Eco-bridges for the movement of tigers

Vegetation will camouflage fragmentation of forests along the Pranahita barrage

Published - July 17, 2017 10:24 pm IST - ADILABAD

Marking boundaries: A tiger urinating to mark its territory in the Dewada buffer area of Tadoba-Andhari Tiger Reserve in Maharashtra.

Marking boundaries: A tiger urinating to mark its territory in the Dewada buffer area of Tadoba-Andhari Tiger Reserve in Maharashtra.

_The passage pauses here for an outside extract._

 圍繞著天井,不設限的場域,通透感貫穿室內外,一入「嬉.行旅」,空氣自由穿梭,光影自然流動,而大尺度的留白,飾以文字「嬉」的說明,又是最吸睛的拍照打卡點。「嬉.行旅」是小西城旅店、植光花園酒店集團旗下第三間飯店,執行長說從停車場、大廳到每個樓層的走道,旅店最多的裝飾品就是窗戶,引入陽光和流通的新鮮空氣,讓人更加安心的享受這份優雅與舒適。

In a first of its kind, Telangana State will have eco-friendly bridges over a canal cutting across the tiger corridor linking the Tadoba-Andhari Tiger Reserve (TATR) in the Chandrapur district of Maharashtra with the forests in Telangana's Kumram Bheem Asifabad district. The intervention requires the laying of fertile soil to grow grass and plants over the structure, so that fragmentation of the reserve forest is camouflaged.

The ‘eco-bridges’ will be constructed at key spots along the 72 km-long, and at some places over a kilometre wide, right flank canal of the Pranahita barrage in the Bejjur and Dahegaon mandals, according to Chief Engineer (Projects) K. Bhagwanth Rao.

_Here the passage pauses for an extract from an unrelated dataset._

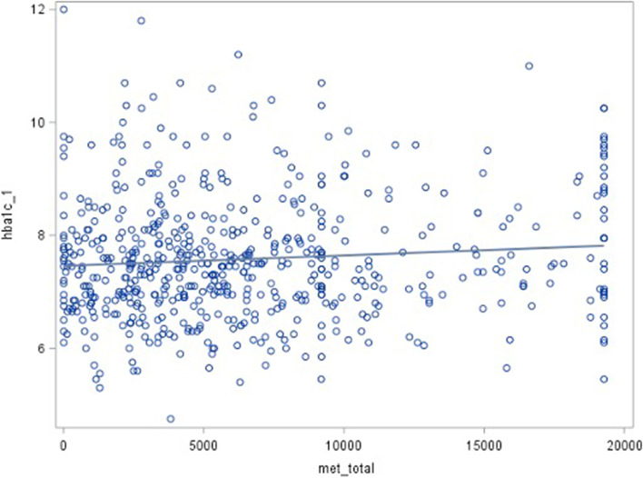 Results: A total of 592 patients were evaluable. A 6.8% of the sample performed light PA, 20.9% moderate and 72.3% vigorous. Estimated PA presented a high inter-individual variability. Men consumed more energy (METS) than women, these differences being more noticeable in vigorous METS (2865.80 in men vs 1352.12 in women). Women invested more min/week in the domestic and garden area (639.03 vs 344.39, p = 0,022). A correlation between glycemic control and the METs was not observed.

One of the locations tentatively earmarked for the eco-bridge is a spot close to Sulgupalli in the Bejjur forest range. Here, the canal is over a kilometre wide and the need to facilitate the movement of wild animals is quite necessary.

The concept emerged after visits by experts from the Wildlife Board of India and the Wildlife Institute of India. They were concerned about the large-scale destruction of pristine forest along the corridor, which would result in cutting off tiger movement between TATR and Bejjur.

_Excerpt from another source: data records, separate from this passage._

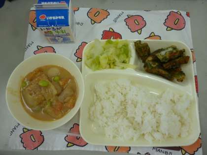 5月9日の給食は「ちくわのいそべあげ」「あつあげとさといものみそ煮」「あっさりキャベツ」です。「ちくわのいそべあげ」は昔からある献立で懐かしい味でした。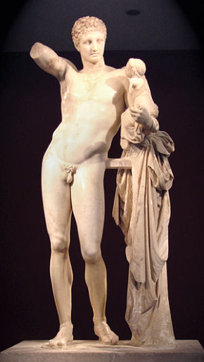 Carved from Parian marble, this statue by Praxiteles (circa 400 BCE) depicts Hermes carrying baby Dionysus. Discovered in 1877, it remains largely intact despite missing some arms. Image: Greek god Hermes bearing the infant Dionysus, by Praxiteles, Archaeological Museum of Olympia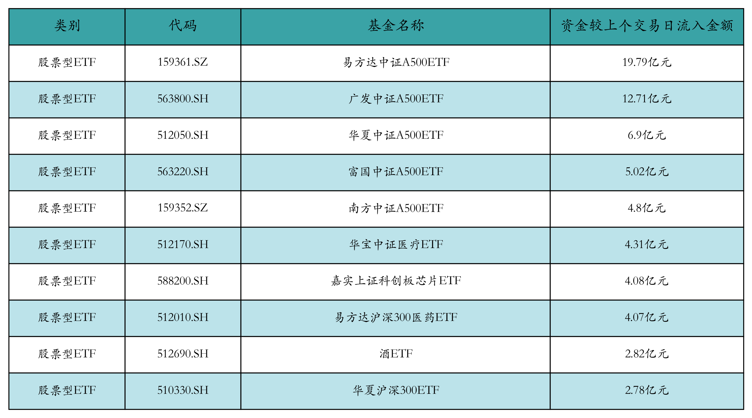 昨日股票型ETF资金流入最多的3支ETF及其流入金额分别为:易方达中证A500ETF(流入19.79亿元)、广发中证A500ETF(流入12.71亿元)、华夏中证A500ETF(流入6.9亿元)。资金流入前10详情见下表: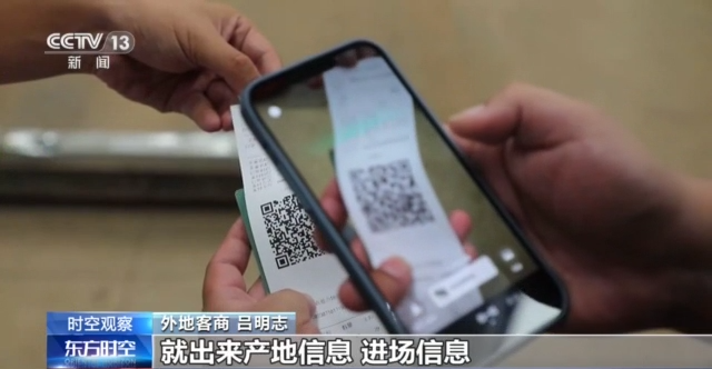 外地客商 呂明誌:通過一卡通消費了之後,掃上邊這個(ge) 追溯碼,就出來產(chan) 地信息、進場信息、檢測信息,還有采摘時間,所以說現在很方便,比較安全。

The Telangana Irrigation Department has given its consent for the construction of the eco-bridges. Recommendations on the size and locations of the bridges are awaited from the National Board of Wildlife, Mr. Rao said.

In recent years, big cats from the TATR have ambled into the mixed and bamboo forests of the Bejjur range via the Sirpur forests. The TATR and its buffer area, which are contiguous with the Sirpur forests, boast of a speedily multiplying tiger population, the cause of the frequent migration of tigers into Sirpur and Bejjur.